- _WHAT YOU NEED TO DO_
Starting at the line below that contains "Записаться на встречу" and ending at the line that contains "自动调整无线发射功率和信道,保证整体无线网络始终处于高速、高性能的运行状态。", retype each line exactly as it stands, but omit the pictures.

- _INPUT FOR THIS TASK_
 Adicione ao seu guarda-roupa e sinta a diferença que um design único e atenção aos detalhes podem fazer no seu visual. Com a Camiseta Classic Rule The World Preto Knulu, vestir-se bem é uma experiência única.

...

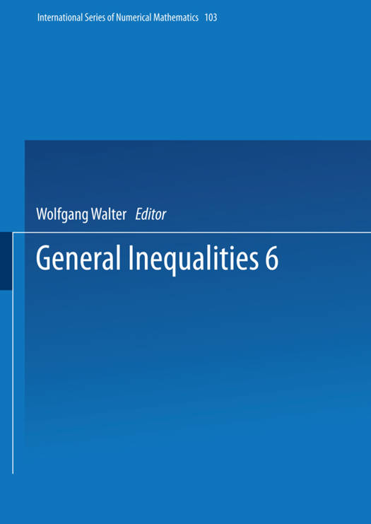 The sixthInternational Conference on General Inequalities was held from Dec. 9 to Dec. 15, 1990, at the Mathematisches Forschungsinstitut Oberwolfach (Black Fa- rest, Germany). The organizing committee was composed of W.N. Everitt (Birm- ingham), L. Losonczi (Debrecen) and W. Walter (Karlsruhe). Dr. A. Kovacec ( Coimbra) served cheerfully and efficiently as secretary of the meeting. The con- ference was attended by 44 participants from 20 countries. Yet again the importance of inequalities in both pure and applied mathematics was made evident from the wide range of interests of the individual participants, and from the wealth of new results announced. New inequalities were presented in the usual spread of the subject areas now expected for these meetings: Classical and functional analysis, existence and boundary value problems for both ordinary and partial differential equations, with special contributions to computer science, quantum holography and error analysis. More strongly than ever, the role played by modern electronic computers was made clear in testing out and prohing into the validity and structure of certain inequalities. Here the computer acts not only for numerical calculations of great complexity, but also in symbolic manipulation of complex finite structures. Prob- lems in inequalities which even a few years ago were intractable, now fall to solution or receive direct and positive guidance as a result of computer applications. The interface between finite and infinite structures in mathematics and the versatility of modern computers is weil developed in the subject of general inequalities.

...

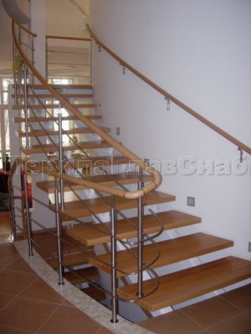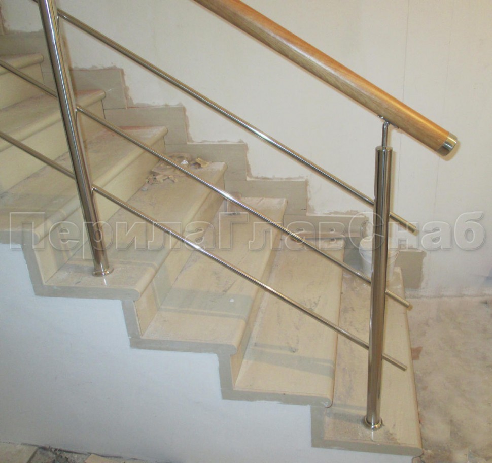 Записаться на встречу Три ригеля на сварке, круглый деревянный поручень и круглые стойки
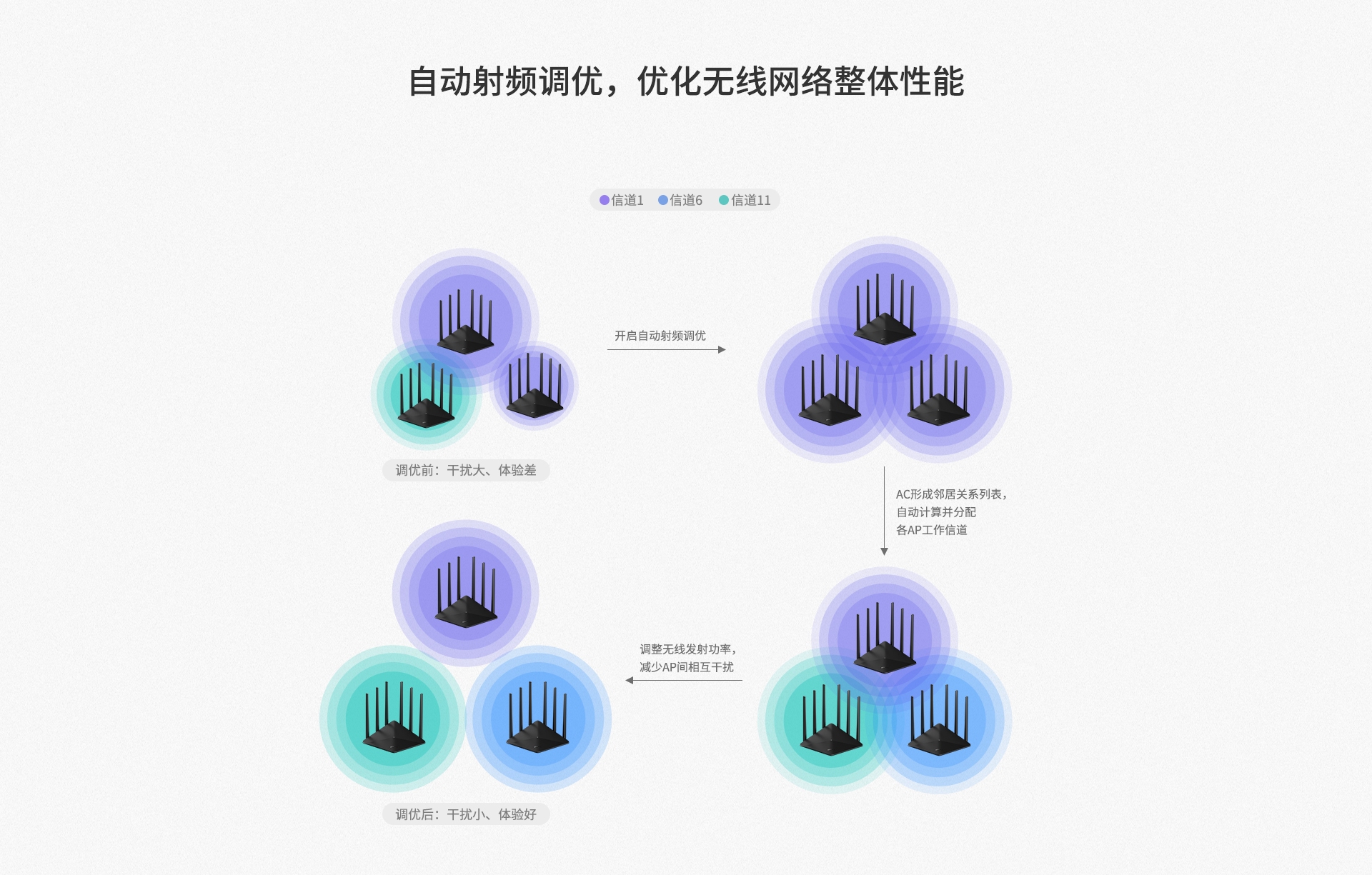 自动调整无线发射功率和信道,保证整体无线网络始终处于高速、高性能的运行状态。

- _TASK OUTPUT_
 Записаться на встречу Три ригеля на сварке, круглый деревянный поручень и круглые стойки
 自动调整无线发射功率和信道,保证整体无线网络始终处于高速、高性能的运行状态。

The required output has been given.